Investment thesis and catalysts
We have a SELL recommendation on the stock as structural gloves oversupply situation will limit gloves players’ pricing power, notwithstanding Chinese gloves manufacturers’ expansion outside of China which will exacerbate the current oversupply situation.
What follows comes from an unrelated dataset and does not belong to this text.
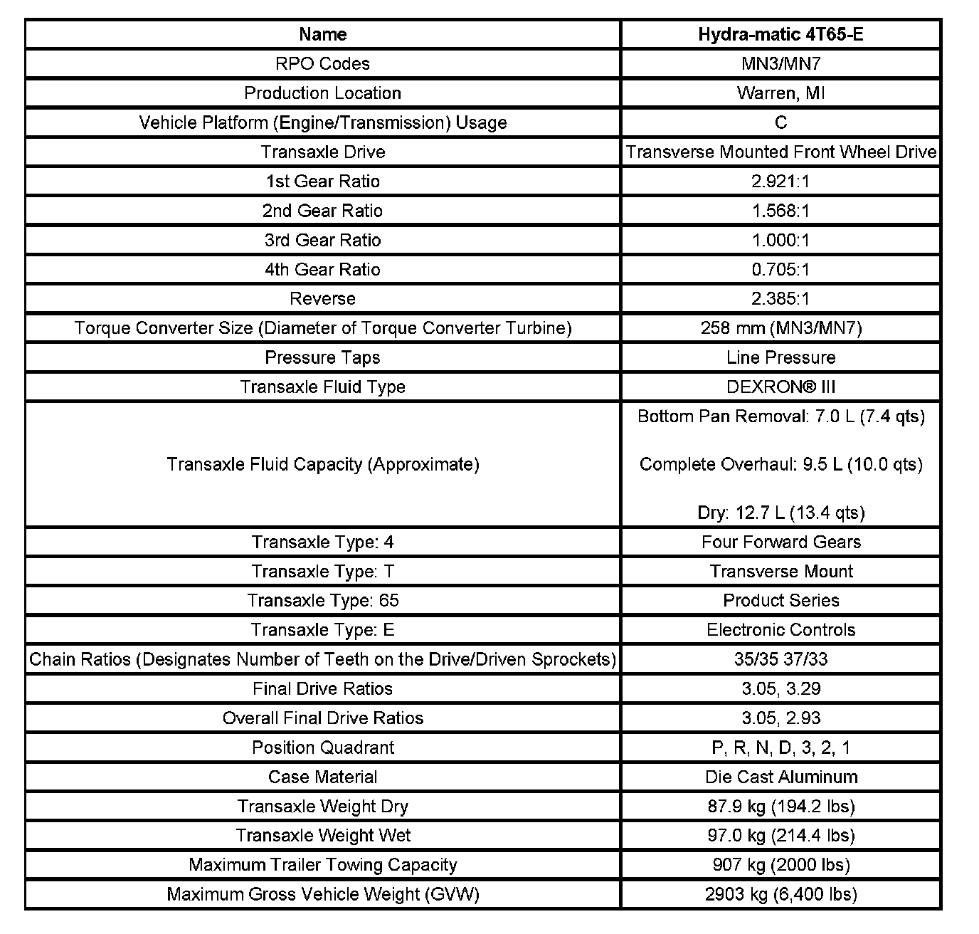 Transmission General Specifications
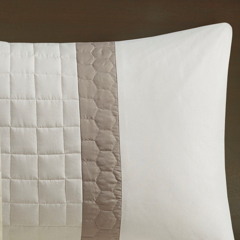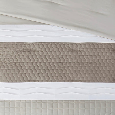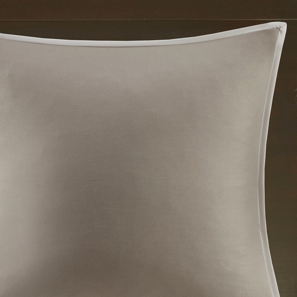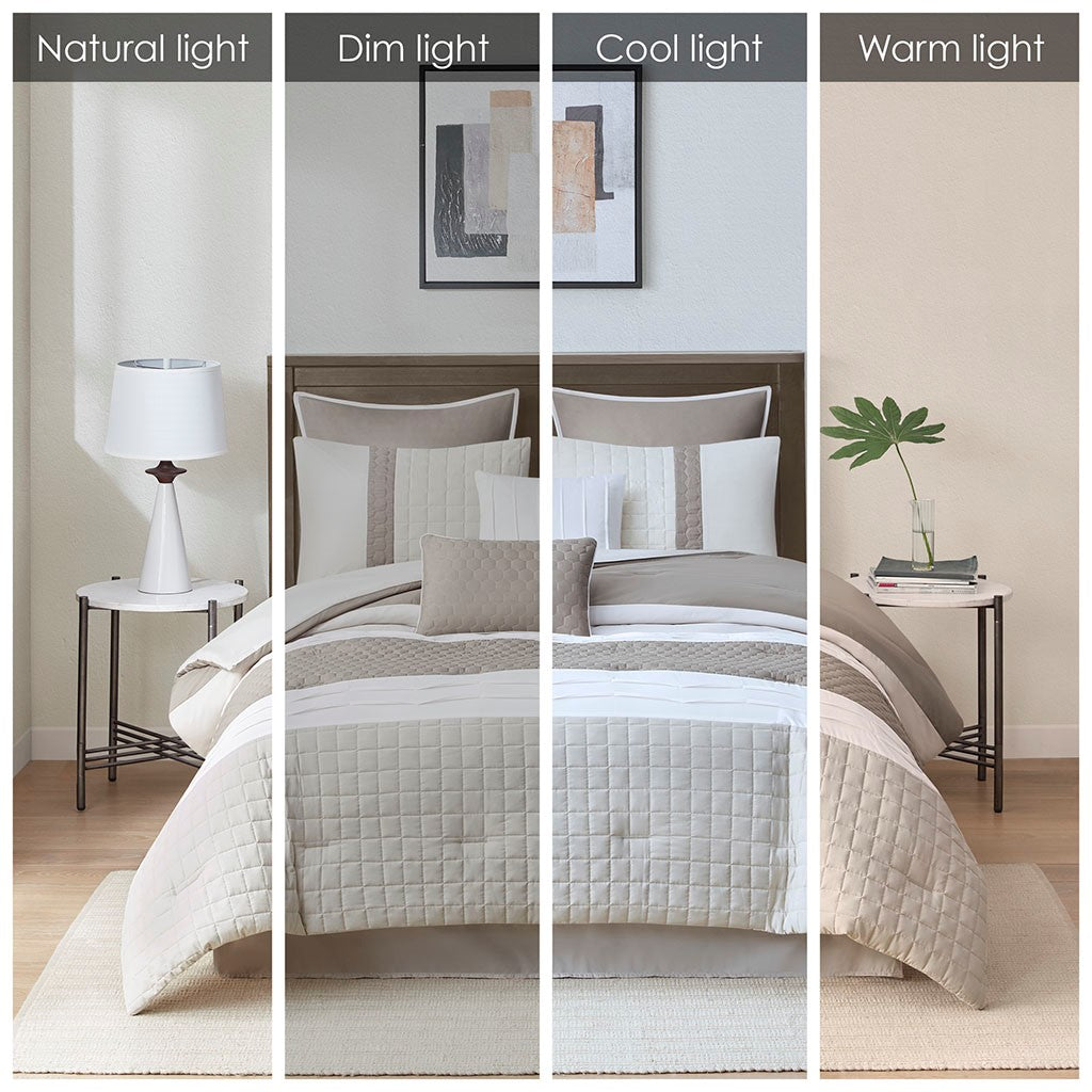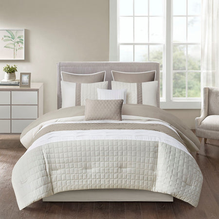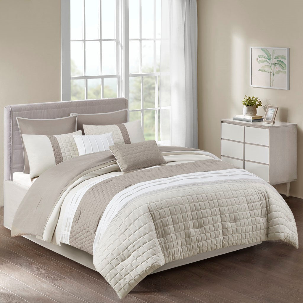 Add a warm and inviting new look to your bedroom with the 510 Design Tinsley 8 Piece Comforter Set. Made from ultra-soft microfiber, this comforter flaunts a pieced design with pleated accents that add dimension and charm. Quilting and pintuck details create a beautiful textural look and feel, while a solid reverse complements the top of the bed. The 2 coordinating shams reflect the design of the comforter and Euro shams with white flanges complete the chic ensemble. Also included are 2 decorative pillows and a solid bed skirt that provide the perfect finishes to the neutral bedding set. Machine washable for easy care, this quilted comforter set may come in rolled or compressed packing and will need to be fluffed up. Use a steam iron to help remove wrinkles easier.

Apart from that, rising operating costs on the back of additional EPF contribution for foreign workers will further affect the company’s profitability.
Valuation methodology
The stock is valued based on target CY26F PB of 0.8x, which is justified by its low ROE of 3.3%.
Risk factors
Upside risks to our estimates include higher than expected glove demand, Chinese players begin scaling back their production, the imposition of tariffs is based on country of incorporation instead of country of origin.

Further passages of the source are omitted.